(Your instructions):
Give again, word for word, every line below from the one that has "在全党深入学习贯彻落实党的二" through the one that has "Karl Becker: Boldly-penned", both included, and no others.

(Data to use):
----------------------------------------

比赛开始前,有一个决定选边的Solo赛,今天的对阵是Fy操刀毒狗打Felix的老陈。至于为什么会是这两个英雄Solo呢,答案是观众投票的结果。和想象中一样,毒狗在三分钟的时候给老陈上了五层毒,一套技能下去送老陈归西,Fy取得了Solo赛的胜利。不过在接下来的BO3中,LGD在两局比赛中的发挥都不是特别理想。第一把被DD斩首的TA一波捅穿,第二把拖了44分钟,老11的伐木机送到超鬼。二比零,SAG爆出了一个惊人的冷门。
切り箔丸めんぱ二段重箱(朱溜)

----------------------------------------

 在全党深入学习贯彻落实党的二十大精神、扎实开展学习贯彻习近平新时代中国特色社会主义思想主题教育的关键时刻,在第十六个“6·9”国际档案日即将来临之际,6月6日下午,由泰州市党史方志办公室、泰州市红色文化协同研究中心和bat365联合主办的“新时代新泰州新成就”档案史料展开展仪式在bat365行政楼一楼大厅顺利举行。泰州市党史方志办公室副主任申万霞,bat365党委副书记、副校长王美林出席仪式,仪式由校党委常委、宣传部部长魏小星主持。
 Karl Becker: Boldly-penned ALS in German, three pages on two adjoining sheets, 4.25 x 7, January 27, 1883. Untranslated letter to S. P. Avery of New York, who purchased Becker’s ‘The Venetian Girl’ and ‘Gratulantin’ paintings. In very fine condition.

----------------------------------------

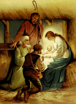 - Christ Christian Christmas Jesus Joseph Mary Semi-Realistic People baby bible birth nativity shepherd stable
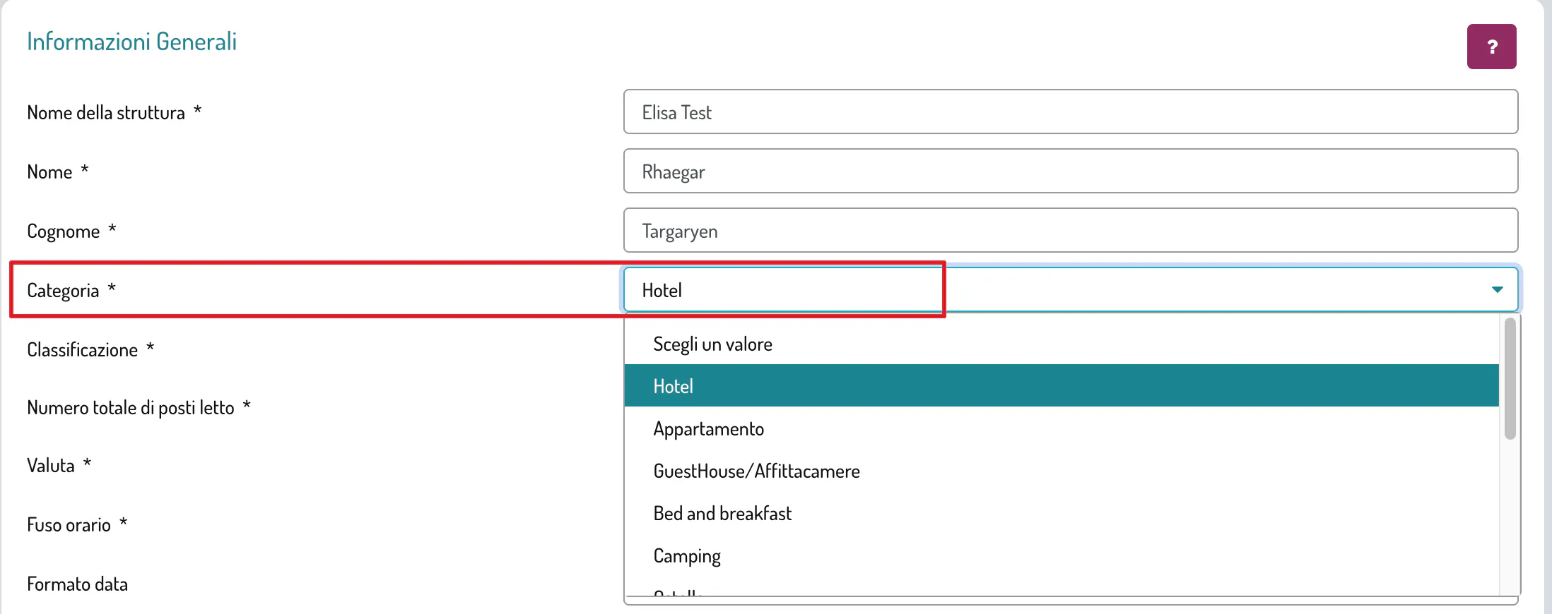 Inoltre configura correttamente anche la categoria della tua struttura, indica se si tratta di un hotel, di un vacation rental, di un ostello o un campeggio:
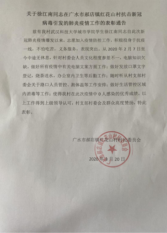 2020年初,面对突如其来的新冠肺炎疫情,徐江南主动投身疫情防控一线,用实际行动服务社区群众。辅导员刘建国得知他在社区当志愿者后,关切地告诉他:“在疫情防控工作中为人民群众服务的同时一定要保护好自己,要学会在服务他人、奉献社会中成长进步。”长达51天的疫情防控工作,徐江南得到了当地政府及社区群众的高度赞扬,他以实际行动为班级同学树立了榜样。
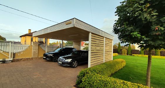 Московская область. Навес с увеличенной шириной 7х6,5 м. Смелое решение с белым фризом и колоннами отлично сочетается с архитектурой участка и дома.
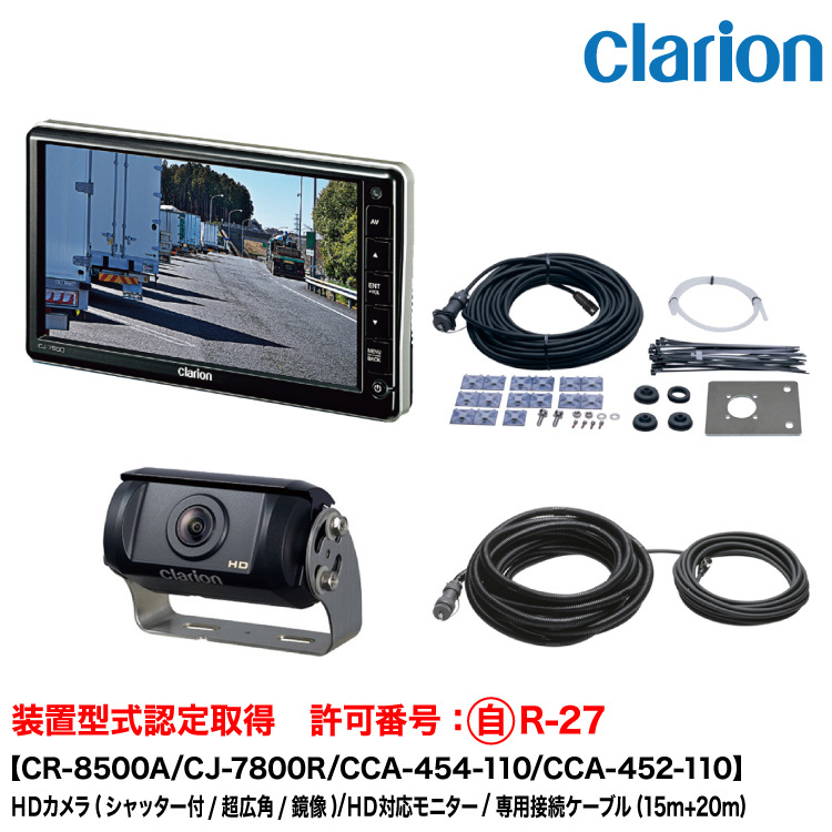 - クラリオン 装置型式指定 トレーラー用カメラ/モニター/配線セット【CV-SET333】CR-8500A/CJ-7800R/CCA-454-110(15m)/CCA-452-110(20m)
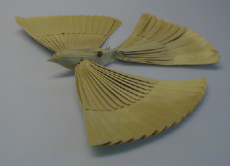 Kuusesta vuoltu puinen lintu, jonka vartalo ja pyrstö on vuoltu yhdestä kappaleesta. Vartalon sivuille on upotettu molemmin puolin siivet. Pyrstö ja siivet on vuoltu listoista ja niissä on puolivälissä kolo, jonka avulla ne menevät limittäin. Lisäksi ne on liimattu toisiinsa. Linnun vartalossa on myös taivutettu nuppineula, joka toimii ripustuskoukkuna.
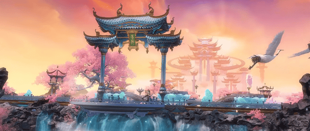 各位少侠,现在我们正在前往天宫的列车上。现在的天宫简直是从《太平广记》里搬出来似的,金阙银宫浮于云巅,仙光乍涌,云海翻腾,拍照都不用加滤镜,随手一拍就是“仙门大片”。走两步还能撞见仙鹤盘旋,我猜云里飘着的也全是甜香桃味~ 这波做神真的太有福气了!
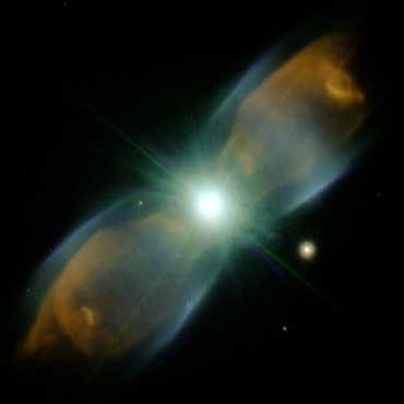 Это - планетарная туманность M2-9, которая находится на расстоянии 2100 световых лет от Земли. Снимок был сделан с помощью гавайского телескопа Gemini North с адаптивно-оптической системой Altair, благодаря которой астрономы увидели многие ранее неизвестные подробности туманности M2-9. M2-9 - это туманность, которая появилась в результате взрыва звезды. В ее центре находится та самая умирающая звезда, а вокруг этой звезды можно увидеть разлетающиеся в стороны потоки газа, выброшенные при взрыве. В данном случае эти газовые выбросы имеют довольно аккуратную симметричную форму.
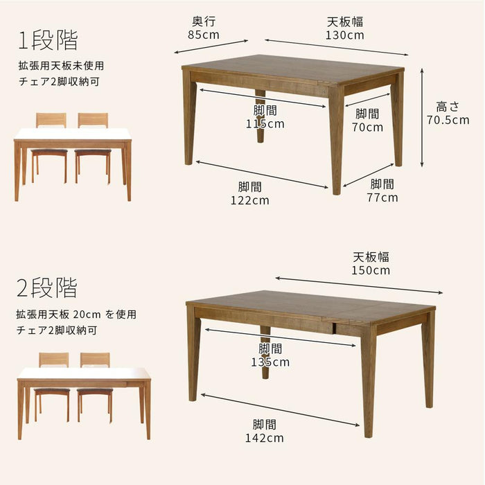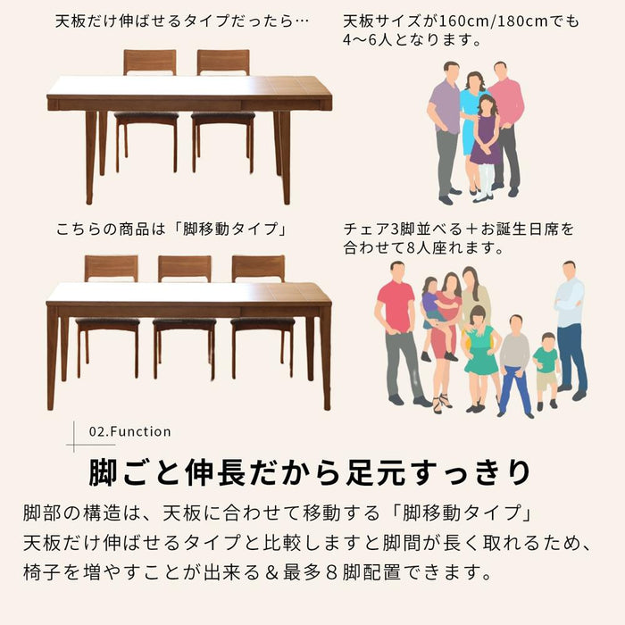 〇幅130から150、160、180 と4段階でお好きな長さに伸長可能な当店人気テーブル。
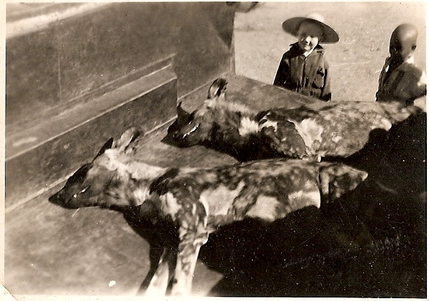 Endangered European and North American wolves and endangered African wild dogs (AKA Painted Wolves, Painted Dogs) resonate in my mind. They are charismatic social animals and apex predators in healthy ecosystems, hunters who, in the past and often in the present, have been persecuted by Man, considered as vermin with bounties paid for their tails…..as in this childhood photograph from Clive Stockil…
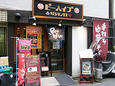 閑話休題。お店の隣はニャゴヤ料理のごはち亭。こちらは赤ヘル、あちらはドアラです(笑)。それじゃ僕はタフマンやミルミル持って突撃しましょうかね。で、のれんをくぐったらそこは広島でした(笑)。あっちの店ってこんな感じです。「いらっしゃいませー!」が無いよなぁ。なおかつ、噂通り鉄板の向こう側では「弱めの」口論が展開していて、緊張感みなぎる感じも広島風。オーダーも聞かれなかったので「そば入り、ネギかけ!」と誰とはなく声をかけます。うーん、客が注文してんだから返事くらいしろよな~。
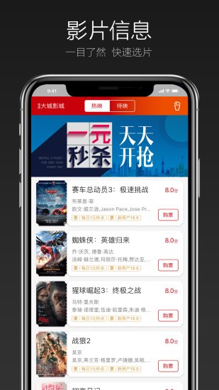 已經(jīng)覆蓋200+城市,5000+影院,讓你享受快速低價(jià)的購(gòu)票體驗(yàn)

----------------------------------------

(Response box):
 在全党深入学习贯彻落实党的二十大精神、扎实开展学习贯彻习近平新时代中国特色社会主义思想主题教育的关键时刻,在第十六个“6·9”国际档案日即将来临之际,6月6日下午,由泰州市党史方志办公室、泰州市红色文化协同研究中心和bat365联合主办的“新时代新泰州新成就”档案史料展开展仪式在bat365行政楼一楼大厅顺利举行。泰州市党史方志办公室副主任申万霞,bat365党委副书记、副校长王美林出席仪式,仪式由校党委常委、宣传部部长魏小星主持。
 Karl Becker: Boldly-penned ALS in German, three pages on two adjoining sheets, 4.25 x 7, January 27, 1883. Untranslated letter to S. P. Avery of New York, who purchased Becker’s ‘The Venetian Girl’ and ‘Gratulantin’ paintings. In very fine condition.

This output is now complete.